§ **Task**
Exact duplicates of all entries are needed.

§ **Given records**
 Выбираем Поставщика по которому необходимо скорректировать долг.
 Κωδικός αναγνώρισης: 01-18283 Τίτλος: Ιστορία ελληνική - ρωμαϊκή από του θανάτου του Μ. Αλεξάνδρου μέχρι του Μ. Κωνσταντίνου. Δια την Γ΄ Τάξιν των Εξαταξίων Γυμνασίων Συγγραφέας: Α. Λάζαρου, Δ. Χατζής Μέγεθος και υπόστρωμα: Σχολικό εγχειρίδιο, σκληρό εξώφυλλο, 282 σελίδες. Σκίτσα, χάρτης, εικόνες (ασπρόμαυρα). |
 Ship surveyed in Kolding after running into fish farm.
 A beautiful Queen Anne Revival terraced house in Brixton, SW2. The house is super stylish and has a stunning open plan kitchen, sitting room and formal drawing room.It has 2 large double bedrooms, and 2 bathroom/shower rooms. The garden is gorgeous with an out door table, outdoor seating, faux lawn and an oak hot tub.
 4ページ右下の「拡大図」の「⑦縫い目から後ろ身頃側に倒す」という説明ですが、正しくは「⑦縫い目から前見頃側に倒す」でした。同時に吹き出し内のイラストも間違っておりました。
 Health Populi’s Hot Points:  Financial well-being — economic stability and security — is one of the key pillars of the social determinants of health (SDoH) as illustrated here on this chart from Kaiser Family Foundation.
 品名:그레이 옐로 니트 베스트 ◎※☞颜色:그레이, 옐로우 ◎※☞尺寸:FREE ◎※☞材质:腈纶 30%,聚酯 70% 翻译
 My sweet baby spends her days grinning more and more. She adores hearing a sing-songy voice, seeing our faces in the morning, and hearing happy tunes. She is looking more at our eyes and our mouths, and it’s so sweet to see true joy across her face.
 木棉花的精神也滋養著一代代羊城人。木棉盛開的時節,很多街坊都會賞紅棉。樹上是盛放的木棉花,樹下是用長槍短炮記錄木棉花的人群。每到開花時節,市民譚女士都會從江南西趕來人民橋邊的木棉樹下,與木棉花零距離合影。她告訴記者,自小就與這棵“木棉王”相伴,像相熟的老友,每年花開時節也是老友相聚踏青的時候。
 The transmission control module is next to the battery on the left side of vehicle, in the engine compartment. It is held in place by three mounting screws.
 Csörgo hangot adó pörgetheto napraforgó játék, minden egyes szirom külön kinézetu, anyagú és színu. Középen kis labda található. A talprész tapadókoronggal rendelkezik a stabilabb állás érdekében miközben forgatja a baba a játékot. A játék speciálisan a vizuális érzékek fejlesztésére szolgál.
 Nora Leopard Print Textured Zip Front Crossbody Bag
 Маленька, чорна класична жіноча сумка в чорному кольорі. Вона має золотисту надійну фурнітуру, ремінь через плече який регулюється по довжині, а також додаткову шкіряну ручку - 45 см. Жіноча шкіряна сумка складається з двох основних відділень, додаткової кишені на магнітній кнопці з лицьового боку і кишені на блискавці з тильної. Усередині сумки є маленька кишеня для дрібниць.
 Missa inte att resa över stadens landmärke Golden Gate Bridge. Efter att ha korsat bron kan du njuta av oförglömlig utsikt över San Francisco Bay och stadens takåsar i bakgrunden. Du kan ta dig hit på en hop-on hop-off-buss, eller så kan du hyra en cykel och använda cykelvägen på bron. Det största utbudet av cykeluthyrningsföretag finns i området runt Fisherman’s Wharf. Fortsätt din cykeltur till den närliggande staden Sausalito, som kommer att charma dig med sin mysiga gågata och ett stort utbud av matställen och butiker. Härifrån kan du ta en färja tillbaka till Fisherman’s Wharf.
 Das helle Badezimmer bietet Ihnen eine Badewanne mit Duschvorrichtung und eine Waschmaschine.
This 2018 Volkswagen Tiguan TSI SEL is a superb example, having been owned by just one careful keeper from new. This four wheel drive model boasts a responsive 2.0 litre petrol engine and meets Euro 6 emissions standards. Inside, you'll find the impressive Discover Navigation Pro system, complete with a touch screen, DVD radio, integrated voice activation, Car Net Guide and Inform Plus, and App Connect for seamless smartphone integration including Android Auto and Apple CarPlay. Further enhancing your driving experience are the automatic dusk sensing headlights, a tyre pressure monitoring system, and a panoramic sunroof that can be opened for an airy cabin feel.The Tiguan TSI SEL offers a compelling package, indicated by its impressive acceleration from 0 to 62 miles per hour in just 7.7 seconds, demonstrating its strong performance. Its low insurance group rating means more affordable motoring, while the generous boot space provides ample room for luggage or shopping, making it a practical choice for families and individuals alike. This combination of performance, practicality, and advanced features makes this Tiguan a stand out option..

§ **Reply to the exercise**
 Выбираем Поставщика по которому необходимо скорректировать долг.
 Κωδικός αναγνώρισης: 01-18283 Τίτλος: Ιστορία ελληνική - ρωμαϊκή από του θανάτου του Μ. Αλεξάνδρου μέχρι του Μ. Κωνσταντίνου. Δια την Γ΄ Τάξιν των Εξαταξίων Γυμνασίων Συγγραφέας: Α. Λάζαρου, Δ. Χατζής Μέγεθος και υπόστρωμα: Σχολικό εγχειρίδιο, σκληρό εξώφυλλο, 282 σελίδες. Σκίτσα, χάρτης, εικόνες (ασπρόμαυρα). |
 Ship surveyed in Kolding after running into fish farm.
 A beautiful Queen Anne Revival terraced house in Brixton, SW2. The house is super stylish and has a stunning open plan kitchen, sitting room and formal drawing room.It has 2 large double bedrooms, and 2 bathroom/shower rooms. The garden is gorgeous with an out door table, outdoor seating, faux lawn and an oak hot tub.
 4ページ右下の「拡大図」の「⑦縫い目から後ろ身頃側に倒す」という説明ですが、正しくは「⑦縫い目から前見頃側に倒す」でした。同時に吹き出し内のイラストも間違っておりました。
 Health Populi’s Hot Points:  Financial well-being — economic stability and security — is one of the key pillars of the social determinants of health (SDoH) as illustrated here on this chart from Kaiser Family Foundation.
 品名:그레이 옐로 니트 베스트 ◎※☞颜色:그레이, 옐로우 ◎※☞尺寸:FREE ◎※☞材质:腈纶 30%,聚酯 70% 翻译
 My sweet baby spends her days grinning more and more. She adores hearing a sing-songy voice, seeing our faces in the morning, and hearing happy tunes. She is looking more at our eyes and our mouths, and it’s so sweet to see true joy across her face.
 木棉花的精神也滋養著一代代羊城人。木棉盛開的時節,很多街坊都會賞紅棉。樹上是盛放的木棉花,樹下是用長槍短炮記錄木棉花的人群。每到開花時節,市民譚女士都會從江南西趕來人民橋邊的木棉樹下,與木棉花零距離合影。她告訴記者,自小就與這棵“木棉王”相伴,像相熟的老友,每年花開時節也是老友相聚踏青的時候。
 The transmission control module is next to the battery on the left side of vehicle, in the engine compartment. It is held in place by three mounting screws.
 Csörgo hangot adó pörgetheto napraforgó játék, minden egyes szirom külön kinézetu, anyagú és színu. Középen kis labda található. A talprész tapadókoronggal rendelkezik a stabilabb állás érdekében miközben forgatja a baba a játékot. A játék speciálisan a vizuális érzékek fejlesztésére szolgál.
 Nora Leopard Print Textured Zip Front Crossbody Bag
 Маленька, чорна класична жіноча сумка в чорному кольорі. Вона має золотисту надійну фурнітуру, ремінь через плече який регулюється по довжині, а також додаткову шкіряну ручку - 45 см. Жіноча шкіряна сумка складається з двох основних відділень, додаткової кишені на магнітній кнопці з лицьового боку і кишені на блискавці з тильної. Усередині сумки є маленька кишеня для дрібниць.
 Missa inte att resa över stadens landmärke Golden Gate Bridge. Efter att ha korsat bron kan du njuta av oförglömlig utsikt över San Francisco Bay och stadens takåsar i bakgrunden. Du kan ta dig hit på en hop-on hop-off-buss, eller så kan du hyra en cykel och använda cykelvägen på bron. Det största utbudet av cykeluthyrningsföretag finns i området runt Fisherman’s Wharf. Fortsätt din cykeltur till den närliggande staden Sausalito, som kommer att charma dig med sin mysiga gågata och ett stort utbud av matställen och butiker. Härifrån kan du ta en färja tillbaka till Fisherman’s Wharf.
 Das helle Badezimmer bietet Ihnen eine Badewanne mit Duschvorrichtung und eine Waschmaschine.
This 2018 Volkswagen Tiguan TSI SEL is a superb example, having been owned by just one careful keeper from new. This four wheel drive model boasts a responsive 2.0 litre petrol engine and meets Euro 6 emissions standards. Inside, you'll find the impressive Discover Navigation Pro system, complete with a touch screen, DVD radio, integrated voice activation, Car Net Guide and Inform Plus, and App Connect for seamless smartphone integration including Android Auto and Apple CarPlay. Further enhancing your driving experience are the automatic dusk sensing headlights, a tyre pressure monitoring system, and a panoramic sunroof that can be opened for an airy cabin feel.The Tiguan TSI SEL offers a compelling package, indicated by its impressive acceleration from 0 to 62 miles per hour in just 7.7 seconds, demonstrating its strong performance. Its low insurance group rating means more affordable motoring, while the generous boot space provides ample room for luggage or shopping, making it a practical choice for families and individuals alike. This combination of performance, practicality, and advanced features makes this Tiguan a stand out option..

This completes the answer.